[TASK DIRECTIONS]
When you copy the data, keep every line exactly as written and skip the pictures.

Top of GIVEN INFORMATION

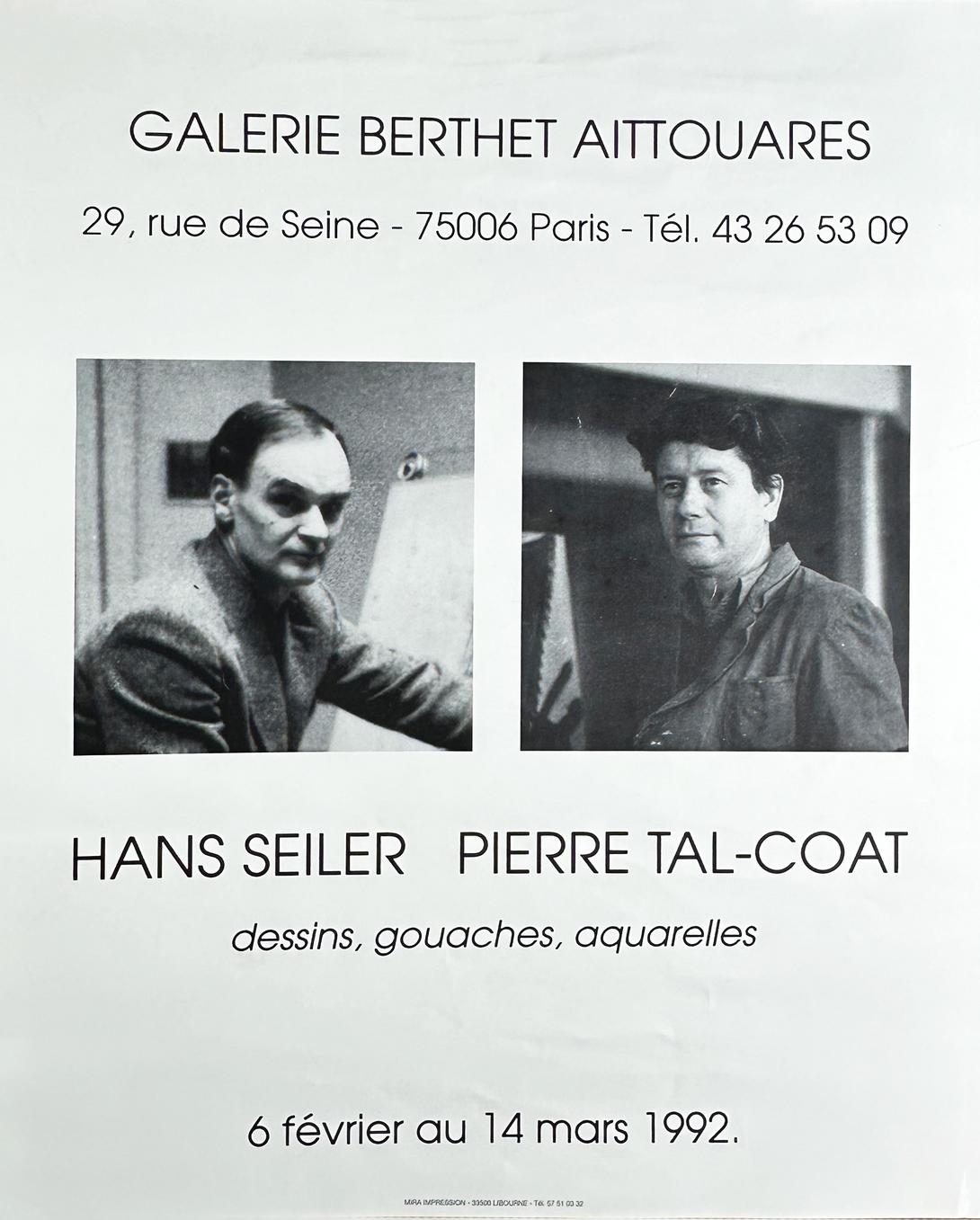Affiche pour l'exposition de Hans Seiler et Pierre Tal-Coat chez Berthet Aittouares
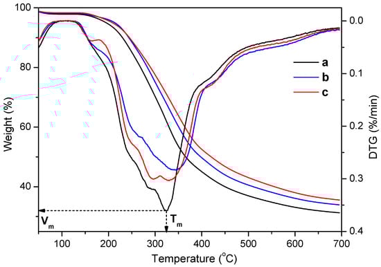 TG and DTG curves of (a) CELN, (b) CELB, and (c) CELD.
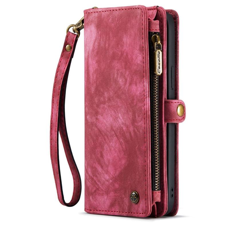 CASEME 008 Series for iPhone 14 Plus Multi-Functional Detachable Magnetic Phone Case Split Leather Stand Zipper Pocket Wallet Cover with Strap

Bottom of GIVEN INFORMATION

[COMPLETED TASK]
Affiche pour l'exposition de Hans Seiler et Pierre Tal-Coat chez Berthet Aittouares
 TG and DTG curves of (a) CELN, (b) CELB, and (c) CELD.
 CASEME 008 Series for iPhone 14 Plus Multi-Functional Detachable Magnetic Phone Case Split Leather Stand Zipper Pocket Wallet Cover with Strap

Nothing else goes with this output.